11. The camel became lighter and lighter as it walked through time, it kept shaking memories and photos off its back, scattering them over the desert floor and letting the wind bury them in the sand, and gradually the camel became so light that it could trot and even gallop in its own curious way - until one day, in a small oasis that called itself the present, the exhausted creature finally caught up with the rest of me.

24

Love Lessons

We must assume that there are certain lessons to be drawn from love, or else we remain happy to repeat our errors indefinitely, like flies that drive themselves insane butting their heads against windowpanes, unable to understand that though the glass may look clear it cannot be flown through. Are there not certain basic truths to be learnt, shreds of wisdom that could prevent some of the excessive enthusiasms, the pain and the bitter disappointments? Is it not a legitimate ambition to become wise about love, in the way that one may become wise about diet, death, or money?

We start trying to be wise when we realize that we are not born knowing how to live, but that life is a skill that has to be acquired, like riding a bicycle or playing the piano. But what does wisdom counsel us to do? It tells us to aim for tranquillity and inner peace, a life free from anxiety, fear, idolatry, and harmful passions. Wisdom teaches us that our first impulses may not always be true, and that our appetites will lead us astray if we do not train reason to separate vain from genuine needs. It tells us to control our imagination or it will distort reality and turn mountains into molehills and frogs into princesses. It tells us to hold our fears in check, so that we can be afraid of what will harm us, but not waste our energies fleeing shadows on the wall. It tells us we should not fear death, and that all we have to fear is fear itself.

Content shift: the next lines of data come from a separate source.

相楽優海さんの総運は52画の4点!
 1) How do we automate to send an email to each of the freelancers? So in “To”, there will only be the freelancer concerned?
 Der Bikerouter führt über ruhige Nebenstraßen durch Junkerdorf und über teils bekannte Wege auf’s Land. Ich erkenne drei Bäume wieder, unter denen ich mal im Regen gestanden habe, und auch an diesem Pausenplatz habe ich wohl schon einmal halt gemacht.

But what does wisdom say about love? Is it something that should be given up completely, like coffee or cigarettes, or is it allowed on occasions, like a glass of wine or a bar of chocolate? Is love directly opposed to everything that wisdom stands for? Do sages lose their heads or only overgrown children?

If certain wise thinkers have given a nod of approval to love, they have been careful to draw distinctions between its varieties, in much the way that doctors counsel against mayonnaise, but allow it when it is made with low-fat ingredients. They distinguish the rash love of a Romeo and Juliet from Socrates' contemplative worship of the Good, they contrast the excesses of a Werther with the brotherly love suggested by Jesus.

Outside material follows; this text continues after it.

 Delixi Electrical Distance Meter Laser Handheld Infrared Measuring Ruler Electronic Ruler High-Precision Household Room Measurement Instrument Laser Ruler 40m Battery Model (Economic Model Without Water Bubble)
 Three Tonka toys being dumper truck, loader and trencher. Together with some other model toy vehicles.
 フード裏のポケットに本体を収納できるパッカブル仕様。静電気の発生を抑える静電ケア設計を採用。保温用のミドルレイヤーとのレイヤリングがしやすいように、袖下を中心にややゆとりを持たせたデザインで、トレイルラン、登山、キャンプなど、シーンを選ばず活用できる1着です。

The difference could be grouped into categories of mature and immature love. Preferable in almost every way, the philosophy of mature love is marked by an active awareness of the good and bad within each person, it is full of temperance, it resists idealization, it is free of jealousy, masochism, or obsession, it is a form of friendship with a sexual dimension, it is pleasant, peaceful, and reciprocated (and perhaps explains why most people who have known the wilder shores of desire would refuse its painlessness the title of love). Immature love on the other hand (though it has little to do with age) is a story of chaotic lurching between idealization and disappointment, an unstable state where feelings of ecstasy and beatitude combine with impressions of drowning and fatal nausea, where the sense that one has finally found the answer comes together with the feeling that one has never been so lost. The logical climax of immature (because absolute) love comes in death, symbolic or real. The climax of mature love comes in marriage, and the attempt to avoid death via routine (the Sunday papers, trouser presses, remote-controlled appliances). For immature love accepts no compromise, and once we refuse compromise, we are on the road to some kind of cataclysm.